Turning a VIDEO into 3D using LUMA AI and BLENDER!
TLDRIn this video, the creator explores the innovative Luma AI technology, which enables 3D modeling from video footage. Despite time constraints and challenging conditions, the AI successfully converts various scenes, including a payphone and a car, into detailed 3D models. The results, particularly from the DSLR footage, are impressive, showcasing the potential of this technology for future applications in 3D rendering and animation.
Takeaways
- 🌐 Luma AI enables 3D modeling from video footage, not just photos.
- ⏱️ The process needs to be completed quickly before dark, highlighting a time-sensitive challenge.
- 🎥 The video demonstrates the use of Luma AI on different objects, including a payphone and a car.
- 📸 The quality of the 3D models depends on the camera used, with DSLR footage providing sharper results.
- 🖼️ The AI separates the scene from the object automatically, showing impressive accuracy.
- 🚀 The technology is in its early stages, suggesting potential for significant future improvements.
- 📹 The video footage used for the 3D model took only 1 minute and 42 seconds to record.
- 🛠️ Post-processing, such as cleaning up reflective surfaces and adjusting for darkness, is necessary for better model quality.
- 🔄 The script mentions plans to use the created 3D assets in a short video to test their performance in 3D software.
- 📦 Luma AI provides a glTF model and an Unreal Engine plugin for further use and development.
- 🔧 The process of creating 3D models from video is simplified, allowing for quick and easy integration into various applications.
Q & A
What is the main topic of the video?
-The main topic of the video is the demonstration of Luma AI's ability to convert video footage into 3D models using photogrammetry.
What is the significance of the Luma AI technology?
-Luma AI technology allows users to create 3D models from video footage, which is faster and more convenient than traditional photo-based 3D capture methods.
How long did it take to process the 3D mesh in the video?
-Each 3D mesh took about 20 to 30 minutes to be processed.
What was the issue with the DSLR footage initially?
-The initial issue with the DSLR footage was that it was failing to upload.
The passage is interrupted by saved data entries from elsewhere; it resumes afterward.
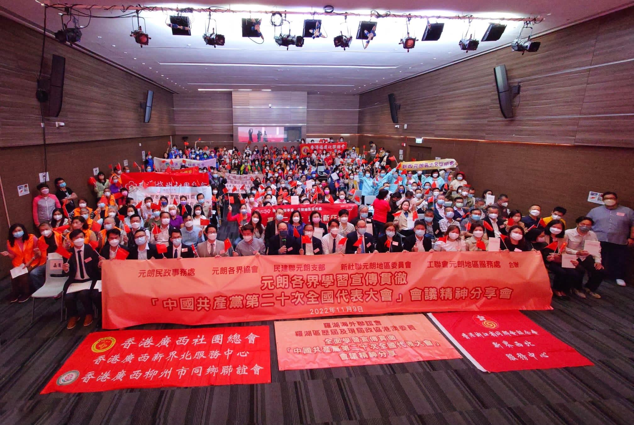 繼11月7日舉辦座談會後,元朗民政事務處於11月9日聯同元朗各界協會、民建聯元朗支部、新社聯元朗地區委員會及工聯會元朗地區服務處,在元朗區綜合服務大樓舉辦「元朗各界學習宣傳貫徹『中國共產黨第二十次全國代表大會』會議精神分享會」,邀請港區全國政協委員及新社聯會長梁志祥、元朗民政事務專員胡天祐及青年發展委員會委員姚國威為主講嘉賓。他們指出二十大報告對「一國兩制」的論述是推動香港走向「由治及興」的重要行動指南;而二十大的召開,標誌着中國正向第二個百年奮鬥目標進軍。約260人出席座談會,與會者包括超過100個地區團體及同鄉社團的代表。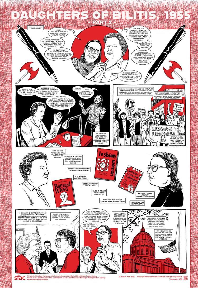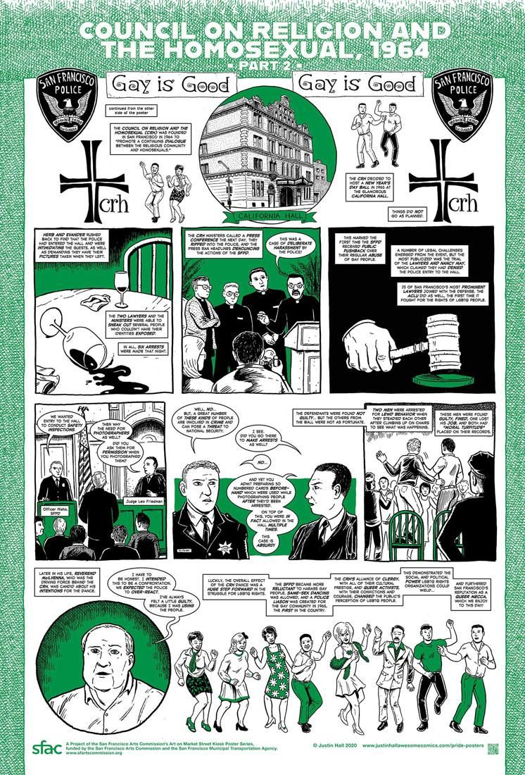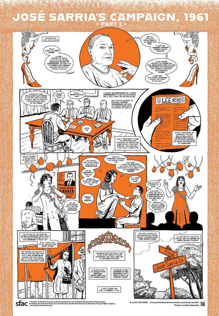 “Justin Hall's series amplifies six important moments in San Francisco's LGBTQ history, and with the medium of comics, makes these histories compelling and relatable," acting director of cultural affairs Denise Bradley-Tyson said in a statement to the press. “While these stories are just a few among countless other significant moments, Hall's work celebrates the decades of struggle, resistance, strength and triumph in the City's LGBTQ community.”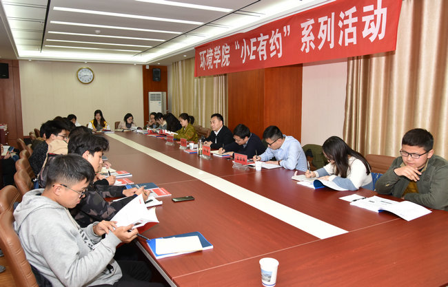 (通讯员:孟国强 臧文赫  摄影、编辑:张学海)3月22日下午,beat365中文官网第二期“小E有约”在丹桂苑212室举行。beat365中文官网党委书记李素矿、党委副书记朱继、院直党支部书记张学海、辅导员孟国强,各学生党支部书记,党徽照我行工作中心成员参加活动。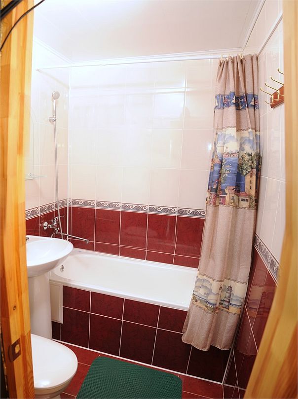 Кровать двуспальная, кровать 2-ярусная, тумбочки прикроватные, мини-холодильник, сплит-система, телевизор, санузел (ванна+туалет)

The problem was resolved by running the footage through DaVinci with h.265 encoding and re-uploading them.
What did the AI do with the video scene?
-The AI automatically separated the scene from the object, creating a detailed 3D model.
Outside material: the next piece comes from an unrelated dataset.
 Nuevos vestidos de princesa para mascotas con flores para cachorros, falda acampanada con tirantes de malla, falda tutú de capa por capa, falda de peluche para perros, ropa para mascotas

What software was used to refine the 3D model?
-Blender was used to refine the 3D model by smoothing out sharp edges.
How long did it take to record the video footage that was used to create the 3D model?
-It took only one minute and 42 seconds to record the video footage.
What was the quality difference between the iPhone and DSLR results?
-The DSLR had sharper quality due to better image resolution and closer proximity to the subject, while the iPhone footage followed the website's instructions for three levels of loop from high, mid, and low angles.
What was the challenge with the car footage?
-The car had a long and reflective paint job, and the footage was taken in low light conditions, which made it difficult to capture a clear 3D model.
What is the plan for the 3D models created in the video?
-The plan is to use these 3D models to create a quick and short video to demonstrate how these assets perform when used in 3D software for background purposes.
Outlines
🎥 Introducing Luma AI Video to 3D Photogrammetry
The script describes the excitement of discovering Luma AI's ability to convert video into 3D models. The narrator rushes to capture a video before sunset and discusses the process of uploading the footage to Luma AI's website. The AI's capability to separate the scene from the object is highlighted, and the user's experience with the software is shared, including the time it took to process the 3D mesh and the quality of the resulting models. The script also mentions the potential for future improvements in the technology.
Mindmap
Keywords
💡3D model
💡Luma AI
💡Photogrammetry
💡Video to photogrammetry
💡DaVinci
💡GLTF model
💡Unreal Engine
💡Blender
💡Payphone
💡Reflective surfaces
💡Background purposes
Highlights
Luma AI enabled video to photogrammetry allows 3D capture from videos instead of photos.
The process needs to be completed before dark, indicating a time constraint.
The Luma AI technology was tested with a video of a payphone from different angles.
The video was captured quickly, in just a couple of minutes.
Luma AI's website was used to upload the video clips for processing.
DSLR footages initially failed, so they were re-uploaded after encoding with h.265.
Each 3D mesh took about 20 to 30 minutes to be processed.
The AI automatically separates the scene from the object, resulting in a detailed 3D model.
A glTF model and an Unreal Engine plugin are available for the 3D outputs.
The 3D model was refined in Blender to remove sharp edges.
The video footage was compared with the 3D model output, showing the potential of the technology.
The iPhone and Sony DSLR results were compared, with the DSLR having sharper quality.
The car model, despite challenges like reflective paint and darkness, yielded impressive results.
The assets created will be used to create a short video to test their performance in 3D software.
The technology is expected to improve, offering better quality in the future.